■ THE TASK
Please copy the lines below, exactly as they are, from the one with "Estimation: 80/100 –" through the one with "據(jù)統(tǒng)計2", and leave out the pictures.

Top of PROVIDED MATERIAL

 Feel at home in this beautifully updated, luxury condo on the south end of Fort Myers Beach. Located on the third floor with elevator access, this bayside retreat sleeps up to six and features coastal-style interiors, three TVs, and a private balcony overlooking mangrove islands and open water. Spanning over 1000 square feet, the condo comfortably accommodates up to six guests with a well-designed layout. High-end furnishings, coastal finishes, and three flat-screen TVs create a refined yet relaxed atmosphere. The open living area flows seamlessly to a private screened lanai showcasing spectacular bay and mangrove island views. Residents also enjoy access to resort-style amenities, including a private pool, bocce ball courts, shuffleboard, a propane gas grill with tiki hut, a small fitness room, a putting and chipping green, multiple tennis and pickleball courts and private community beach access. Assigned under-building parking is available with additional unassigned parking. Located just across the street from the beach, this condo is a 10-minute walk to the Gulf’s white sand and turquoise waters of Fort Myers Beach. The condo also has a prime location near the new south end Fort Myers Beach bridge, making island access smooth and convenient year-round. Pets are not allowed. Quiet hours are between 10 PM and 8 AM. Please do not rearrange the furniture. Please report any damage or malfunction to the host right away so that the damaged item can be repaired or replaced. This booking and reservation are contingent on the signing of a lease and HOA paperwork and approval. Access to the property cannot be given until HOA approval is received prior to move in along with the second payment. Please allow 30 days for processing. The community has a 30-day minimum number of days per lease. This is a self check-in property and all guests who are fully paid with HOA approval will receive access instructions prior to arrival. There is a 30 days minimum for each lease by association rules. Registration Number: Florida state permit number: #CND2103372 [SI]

Bottom of PROVIDED MATERIAL
Top of PROVIDED MATERIAL

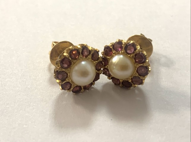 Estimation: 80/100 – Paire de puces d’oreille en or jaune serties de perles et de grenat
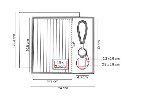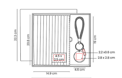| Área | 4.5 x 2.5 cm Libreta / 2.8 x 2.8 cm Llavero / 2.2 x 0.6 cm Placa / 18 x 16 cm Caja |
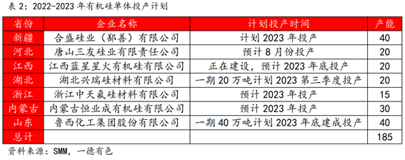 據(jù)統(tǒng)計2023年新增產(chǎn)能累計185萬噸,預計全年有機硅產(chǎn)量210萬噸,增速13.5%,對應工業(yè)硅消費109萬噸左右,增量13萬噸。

Bottom of PROVIDED MATERIAL

■ EXERCISE ANSWER
 Estimation: 80/100 – Paire de puces d’oreille en or jaune serties de perles et de grenat
| Área | 4.5 x 2.5 cm Libreta / 2.8 x 2.8 cm Llavero / 2.2 x 0.6 cm Placa / 18 x 16 cm Caja |
 據(jù)統(tǒng)計2023年新增產(chǎn)能累計185萬噸,預計全年有機硅產(chǎn)量210萬噸,增速13.5%,對應工業(yè)硅消費109萬噸左右,增量13萬噸。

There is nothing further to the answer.